I must have walked this path a thousand times before, yet my mind doesn’t remember it. My body must, as I haven’t stumbled over any rocks or roots, though my mind is wandering far away. Pictures I have seen flash in my mind’s eye as I walked closer and closer to my destination. I should remember everything about this place, as I supposedly spent the happiest four years of my life here, yet besides the vaguest memories that I don’t even know are truly mine, I feel nothing. My mind is completely blank.

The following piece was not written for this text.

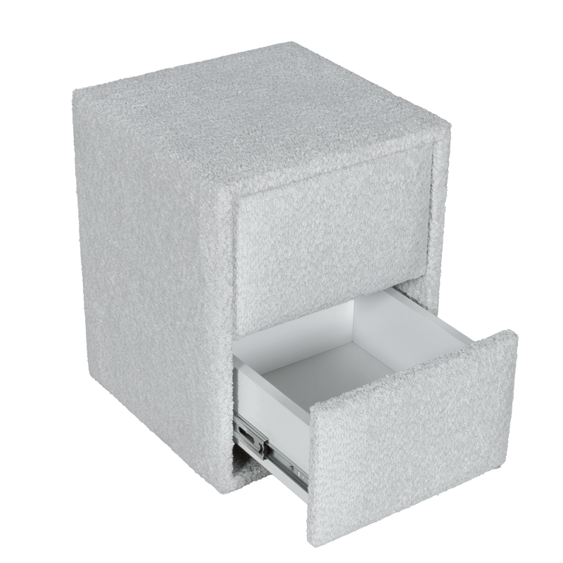 CANCUN е модерно нощно шкафче, което впечатлява със своята изчистена визия и практичен дизайн. Изработено от 18 мм ламинирано ПДЧ и тапицирано с висококачествена дамаска, моделът съчетава визуален комфорт и усещане за уют. Разполага с две чекмеджета с механизъм Push up, които се отварят с лек натиск, осигурявайки лесен достъп и минималистична визия без дръжки. Перфектен избор за модерни спални, в които стилът върви ръка за ръка с функционалността. Пълна информация за размерите и характеристиките на модела можете да намерите в таблицата в раздел „Техническа информация“.

I sit on a large rock next to the path to rest. My body needs that so much anymore. In my childhood here, I could have easily ran this path without a pause carrying a bag and thought nothing of it. The child that lived here is so different from me. She was short and stocky, with hair cut like a boy’s and tan skin that gleamed in the summer sun. She was healthy and athletic, and she could easily whip any boy.

I am not her anymore, I could barely remember being her. My wrists and ankles ache, and I rub them. My body aches if I don’t take my medicine regular or if I strain myself, both of which I had been doing since I left home two weeks ago. A body cannot expect to forget almost dying and spending two years in a hospital bed going in between fevers and consciousness. Those two years killed the little girl and made her become a young woman.

I am pale, a blinding white that rarely sees the sun. My hair is so long I can now sit on it. There is no denying I am female, my torso curves, my breast show. My body is weak and weary, and my limbs fragile. I am of a delicate constitution, and get ill easily. I am concerned with my looks, and have avoided mirrors for fear of screaming upon seeing myself. I am quiet and shy, not loud and friendly like she was. I am often compared to a china doll, while I use to be thought a boy.

I have changed, yet I am at the point to know if I want to change or not. I feel slightly refreshed and can continue my long trek.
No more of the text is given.